** Stored records **
>>>>
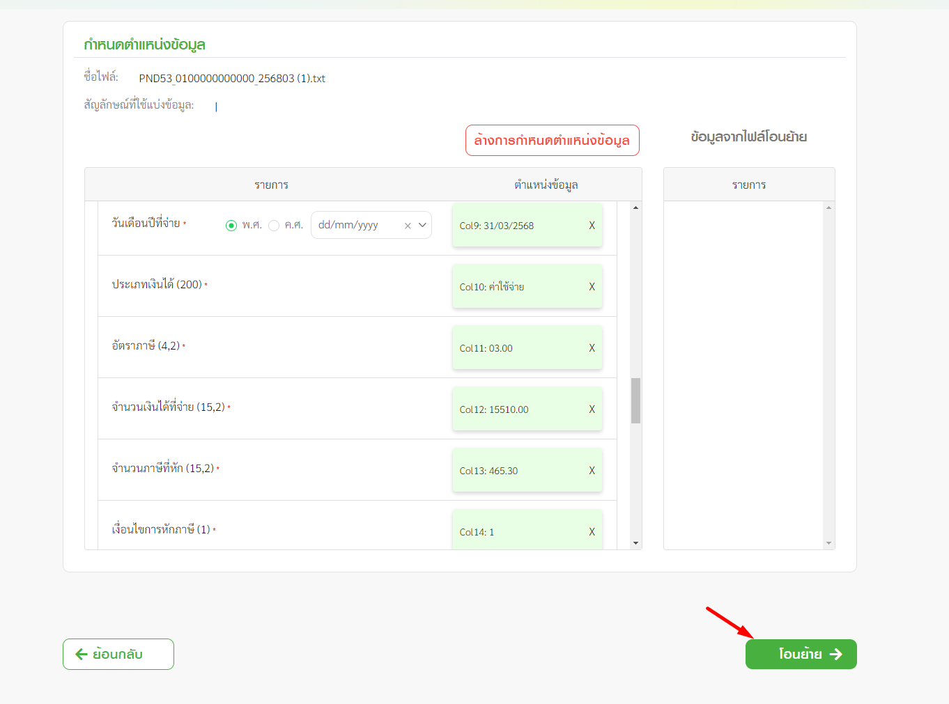 4.3 เมื่อกำหนดตำแหน่งข้อมูลเรียบร้อยแล้ว ให้คลิก “โอนย้าย”
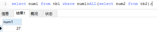 select num1 from tb1 where num1>ALL(select num2 from tb2);
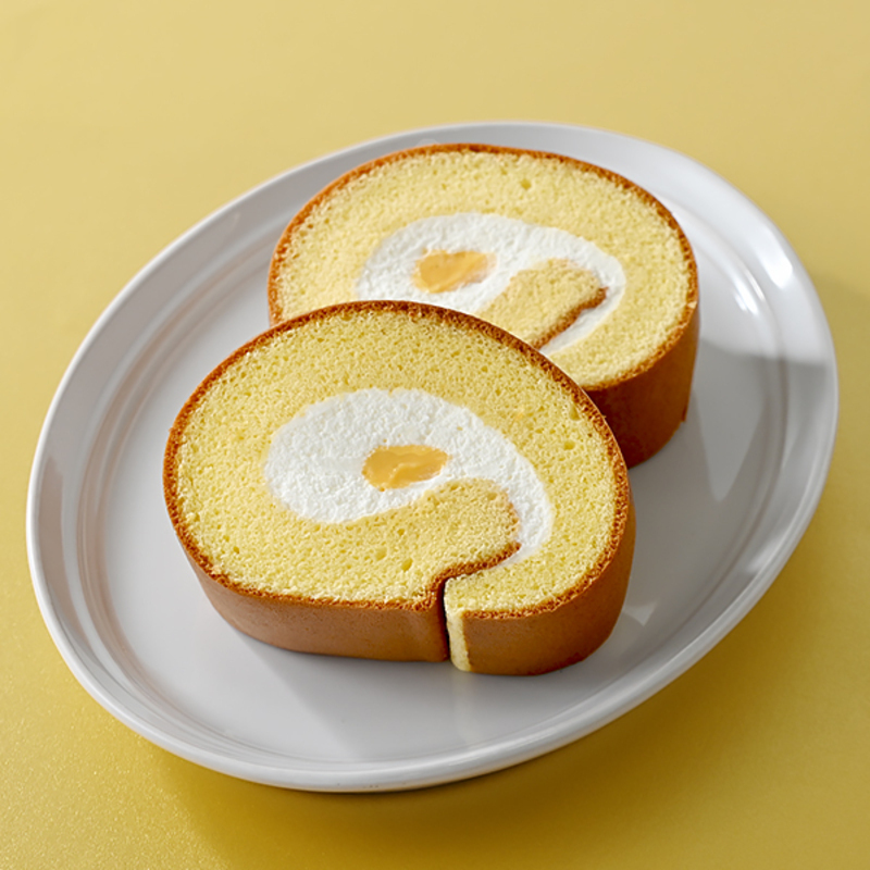 きめ細やかなスポンジ生地が、北海道産生クリームのホイップと、コクのあるカスタードクリームを優しく包み込むロールケーキ。
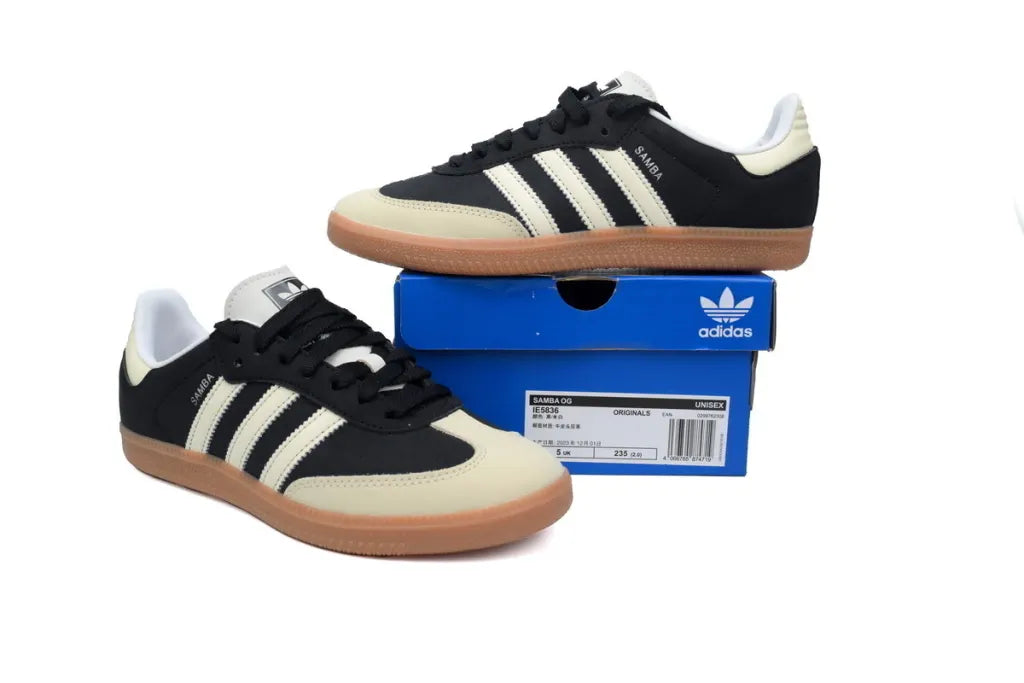 The Ad Samba OG - Black/White Gum is the ultimate classic, a silhouette that has defined sneaker culture for decades. Featuring a sleek black upper contrasted by crisp white serrated Three Stripes and heel tab, this timeless model is finished with a gum rubber sole that adds both grip and retro flair. The white “SAMBA” branding on the side keeps its heritage touch intact.
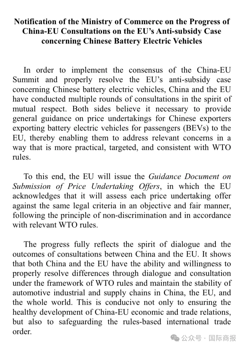 商务部表示,这充分体现了中欧双方的对话精神和磋商成果。中欧双方有能力、有意愿,在世贸组织规则框架下,通过对话磋商妥善化解分歧,维护中欧及全球汽车产业链供应链稳定。这不仅有利于中欧经贸关系健康发展,也有利于维护以规则为基础的国际贸易秩序。通报附件如下:
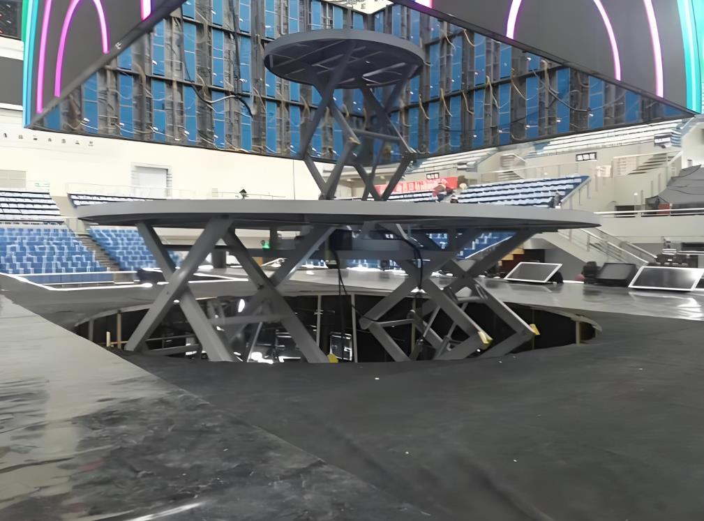 液压升降舞台也叫舞台升降机专门安装在舞台上,用于舞台升降及旋转叫舞台升降机。有升降、旋转、倾斜等多种功能,控制采用自锁、互锁、行程开关、机械限位、液压防爆等保护措施。
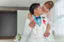 チャペルでの撮影からスタート そっとキスを交わすおふたり
<<<<
** What you are asked to do **
Return the preceding entries exactly, each word as given, but leave out any picture.

** Response **
 4.3 เมื่อกำหนดตำแหน่งข้อมูลเรียบร้อยแล้ว ให้คลิก “โอนย้าย”
 select num1 from tb1 where num1>ALL(select num2 from tb2);
 きめ細やかなスポンジ生地が、北海道産生クリームのホイップと、コクのあるカスタードクリームを優しく包み込むロールケーキ。
 The Ad Samba OG - Black/White Gum is the ultimate classic, a silhouette that has defined sneaker culture for decades. Featuring a sleek black upper contrasted by crisp white serrated Three Stripes and heel tab, this timeless model is finished with a gum rubber sole that adds both grip and retro flair. The white “SAMBA” branding on the side keeps its heritage touch intact.
 商务部表示,这充分体现了中欧双方的对话精神和磋商成果。中欧双方有能力、有意愿,在世贸组织规则框架下,通过对话磋商妥善化解分歧,维护中欧及全球汽车产业链供应链稳定。这不仅有利于中欧经贸关系健康发展,也有利于维护以规则为基础的国际贸易秩序。通报附件如下:
 液压升降舞台也叫舞台升降机专门安装在舞台上,用于舞台升降及旋转叫舞台升降机。有升降、旋转、倾斜等多种功能,控制采用自锁、互锁、行程开关、机械限位、液压防爆等保护措施。
 チャペルでの撮影からスタート そっとキスを交わすおふたり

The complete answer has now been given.